The Nonsense Detection Kit provides guidelines that can be used to separate sense from nonsense. There is no single criterion for distinguishing sense from nonsense, but it is possible to identify indicators, or warning signs. The more warnings signs that appear the more likely that claims are nonsense.

Below is a brief description of indicators that should be useful when separating sense from nonsense. These indicators should be useful when evaluating claims made by the media, on the Internet, in peer-reviewed publications, in lectures, by friends, or in everyday conversations with colleagues.

Nonsense indicator- claims haven’t been verified by an independent source

Nonsense perpetuators often claim special knowledge. That is, they have made specific discoveries that only they know about. Others lack know how, or do not have the proper equipment to make the finding. These findings are often reflected in phrases such as, “revolutionary breakthrough”, “what scientists don’t want you to know”, “what only a limited few have discovered”, and so on.

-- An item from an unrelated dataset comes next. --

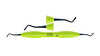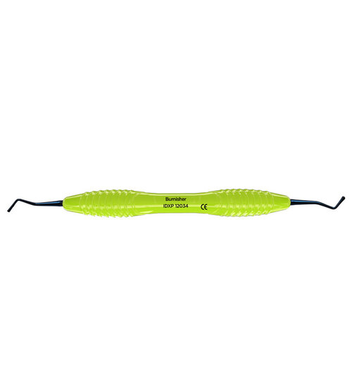 Dubbeländat kompositinstrument (burnisher) med "non-stick" titanium oxid beläggning. Droppformade arbetsändar för att forma och jämna ut ojämna marginaler och kanter vid restauration av tandfyllnadsmaterial. Den mörka beläggningen ger kontrast mot tandfyllningen. Ergonomiskt ljusgrönt (lime) silikonhandtag, Ø 13,5 mm.

These findings are not subject to criticism or replication. That is not how science works. When conducting studies it is imperative that researchers operationalize (provide operational definition- precise observable operation used to manipulate or measure a variable) variables so the specifics can be criticized and replicated. Non-scientists are not concerned with others being able to replicate their findings; because they know attempted replications will probably be unsuccessful. If a finding cannot be replicated this is a big problem, and it is unreasonable to consider a single finding as evidence. It is also problematic when only those making the original finding have replicated successfully. When independent researchers using the same methods as those used in the original study are not able to replicate this is a sign that something was faulty with the original research.

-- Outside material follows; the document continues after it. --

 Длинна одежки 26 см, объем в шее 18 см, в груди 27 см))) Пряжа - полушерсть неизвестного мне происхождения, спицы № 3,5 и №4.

Nonsense indicator- claimant has only searched for confirmatory evidence

The confirmation bias is a cognitive error (cognitive bias) defined as tendency to seek out confirmatory evidence while rejecting or ignoring non-confirming evidence (Gilovich, 1991). Confirmation bias is pervasive, and may be the most common cognitive bias. Most people have a tendency to look for supporting evidence, while ignoring or not looking very hard for disconfirmatory evidence (showing a dislike for disconfirmatory evidence). This is displayed when people cherry pick the evidence. Of course, when you’re a lawyer this is what you need to do. You don’t want any evidence entering into the case that may be incongruent with the evidence you present. However, as a scientist it is important to look for disconfirming evidence. In fact, it has been suggested that a good scientist goes out of their way to look for disconfirmatory evidence. Why look for disconfirmatory evidence? Because when discovering reality is the objective it is necessary to look at all the available data, not just the data supporting one’s own assertions. Confirmation bias occurs when the only good evidence, according to the claimant, is the evidence that supports their claim. Often, perpetuators of nonsense may not even be aware of disconfirmatory evidence. They have no interest in even looking at it.

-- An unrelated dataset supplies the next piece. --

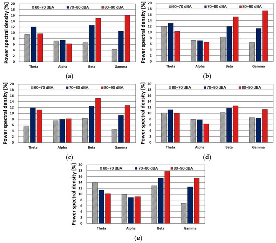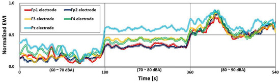 Figure 10 shows variations in EWI at the prefrontal lobe (Fp1 and Fp2), frontal lobe (F3 and F4), and parietal lobe (Pz) for the three groups classified based on the degree of the human body response corresponding to equivalent noise levels (60–70 Dba, 70–80 Dba, and 80–90 Dba).

A study by Frey & Stahlberg (1986) examined how people cherry-pick the evidence. The participants took an IQ test and were given feedback indicating their IQ was either high or low. After receiving feedback participants had a chance to read magazine articles about IQ tests. The participants that were told they had low IQ scores spent more time looking at articles that criticized the validity of IQ tests, but those who were told they had high IQ scores spent more time looking at articles that supported the claim that IQ tests were valid measures of intelligence.

Scientific thinking should involve an effort to minimize confirmation bias. However, science does involve confirmation bias to a degree; this if often demonstrated in publication bias and forms of myside bias. The late Richard Feynman (Nobel Laureate, Physics) suggested that science is a set of processes that detects self-deception (Feynman, 1999). That is, science makes sure we don’t fool ourselves.